Patent of the Month of August
The crown cork
Summertime is beer garden time! First Friday in August has been actually the International Beer Day since 2007 - not only to celebrate and enjoy the popular drink. It rather should be about appreciating the art of brewing and keeping it alive. The crown cork is the most commonly device used to close beer bottles. On this occasion, the invention of the crown cork by William Painter, which was titled "Bottle-Sealing Device" and filed for patent in the USA in 1892 ( US468226 ) , is our patent of the month!

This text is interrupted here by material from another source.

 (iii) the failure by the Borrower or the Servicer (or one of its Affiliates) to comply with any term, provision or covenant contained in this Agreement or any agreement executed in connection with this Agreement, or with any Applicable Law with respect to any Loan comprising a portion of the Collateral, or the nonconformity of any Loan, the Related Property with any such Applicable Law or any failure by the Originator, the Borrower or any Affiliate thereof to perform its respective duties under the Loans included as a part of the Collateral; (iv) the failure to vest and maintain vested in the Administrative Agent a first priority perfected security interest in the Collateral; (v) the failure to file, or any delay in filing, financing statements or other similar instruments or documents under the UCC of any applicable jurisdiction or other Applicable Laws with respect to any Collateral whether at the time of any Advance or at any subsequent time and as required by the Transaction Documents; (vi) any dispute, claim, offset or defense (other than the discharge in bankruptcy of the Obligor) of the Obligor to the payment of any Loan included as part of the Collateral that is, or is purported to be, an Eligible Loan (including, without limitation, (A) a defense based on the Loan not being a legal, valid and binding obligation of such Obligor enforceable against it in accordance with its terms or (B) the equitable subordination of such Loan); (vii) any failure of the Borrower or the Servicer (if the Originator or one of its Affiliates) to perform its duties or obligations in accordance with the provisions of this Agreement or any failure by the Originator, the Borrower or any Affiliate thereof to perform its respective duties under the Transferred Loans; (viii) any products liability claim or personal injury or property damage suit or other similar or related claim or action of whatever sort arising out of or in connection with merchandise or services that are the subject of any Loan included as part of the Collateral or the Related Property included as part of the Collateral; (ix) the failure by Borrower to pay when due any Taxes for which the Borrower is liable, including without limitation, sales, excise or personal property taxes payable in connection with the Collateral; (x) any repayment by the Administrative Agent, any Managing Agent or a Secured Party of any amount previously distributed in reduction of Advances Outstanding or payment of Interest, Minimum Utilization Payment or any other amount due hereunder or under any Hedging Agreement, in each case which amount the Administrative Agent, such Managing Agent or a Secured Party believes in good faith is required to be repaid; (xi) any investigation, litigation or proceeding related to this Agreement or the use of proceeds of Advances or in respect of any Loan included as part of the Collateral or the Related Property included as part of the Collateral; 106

A crown cork is being used to seal beverages - also carbonated ones - airtight and tasteless. The aim is to preserve the quality of the bottle’s content and guarantee a leak-proof bottle transport. Up until Painter's invention, people tried a wide variety of stoppers for lemonade, beer and other carbonated beverages, but they often leaked or simply did not hold. The swing stopper provided a remedy, but its production was associated with higher material and energy costs.
Painter countered this problem with the idea of dividing the pressure of the gas on the bottle cap on a metal sleeve with 24 prongs. The even distribution of pressure on the bottleneck ensures an airtight closure without breaking it. To prevent the bottle’s content from coming into contact with the metal sheet, the lid is coated with paper on the inside and a cork ring ensures a leak-proof seal. The crown cork also prevailed the usual swing stopper due to its lower manufacturing costs.

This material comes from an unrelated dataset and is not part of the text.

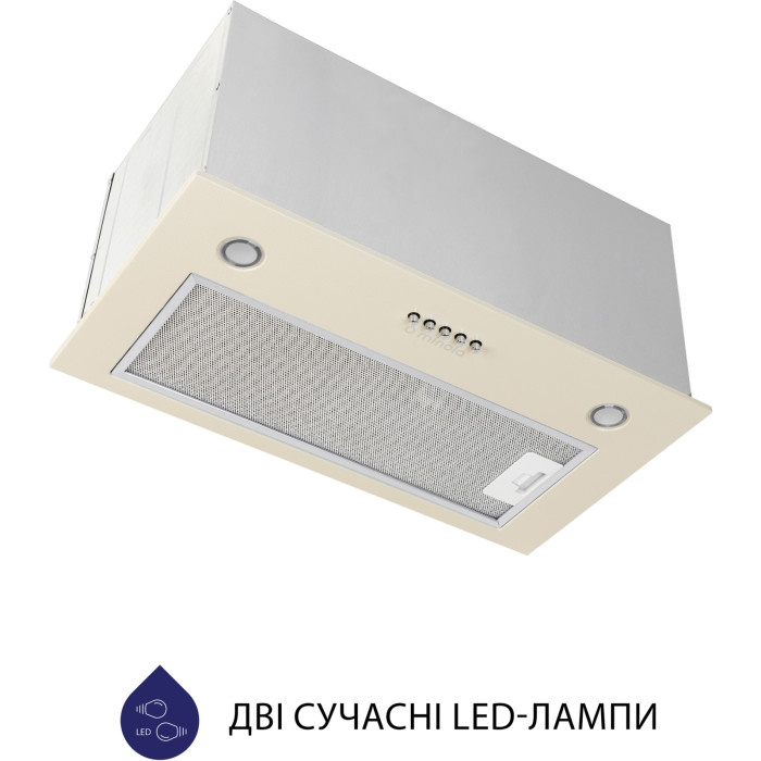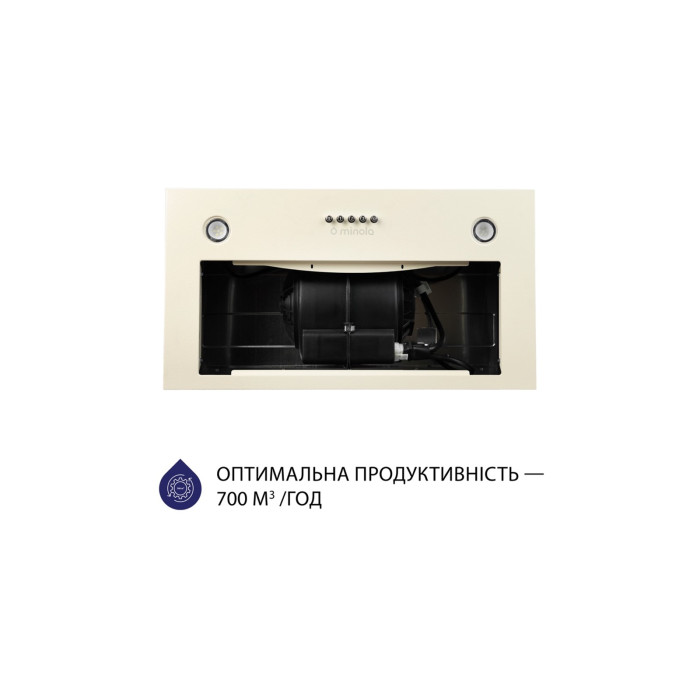 Завдяки чудовим ергономічним якостям, якими наділена модель Minola HBI 5627 IV 1000 LED, вона підійде як маленькій, так і стандартній кухні. Частина конструкції пристрою, яка має бути прихована від очей, повністю ховається у шафі, а робоча частина залишається на виду та органічно доповнює загальний дизайн. Відкрита частина витяжки виготовлена із фарбованого металу світла слонової кістки. Цей матеріал, крім візуальної привабливості, дуже легкий у догляді і має високу стійкість до зовнішніх впливів.

That same year, the passionate inventor William Painter filed a patent application for the crown cork in Germany with the number DE68350 and founded the "Crown Cork & Seal Company" in Baltimore. He invented a bottle opener ( US514200 ) to go with the crown cork, as well as a machine for closing bottles and much more. In the course of his life, he registered a total of 85 patents!

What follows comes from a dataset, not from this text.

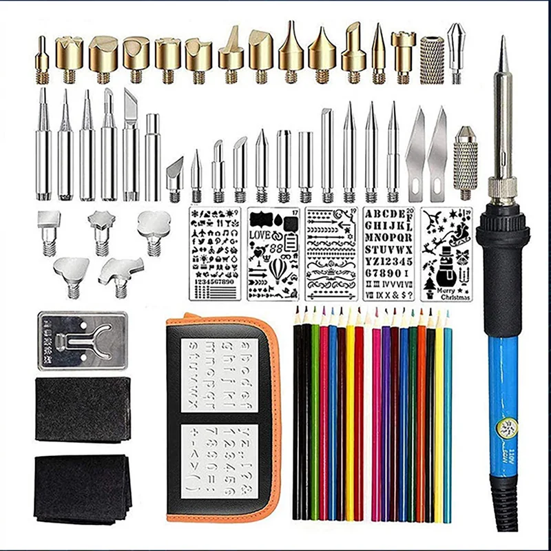 71 предмет лазерной гравировки и набор для пирографии 60 Вт постоянная температура регулируемый Электрический Утюг горячего тиснения 18 виды цветных ручек

Today's commercially available crown cork only has 21 prongs by the way – other than the original – as the diameters of the bottlenecks have been reduced. It also solved the problem of tilting, which was often caused by crown corks with an even number of serrations in the feed lines of the filling machines because two serrations were always exactly opposite each other. In Germany, crown corks with the DIN 6099 standard fit on glass bottles whose mouthpieces are produced according to the DIN 6094 standard.
PNZ Aachen wishes you a beautiful summer full of sparkling ideas!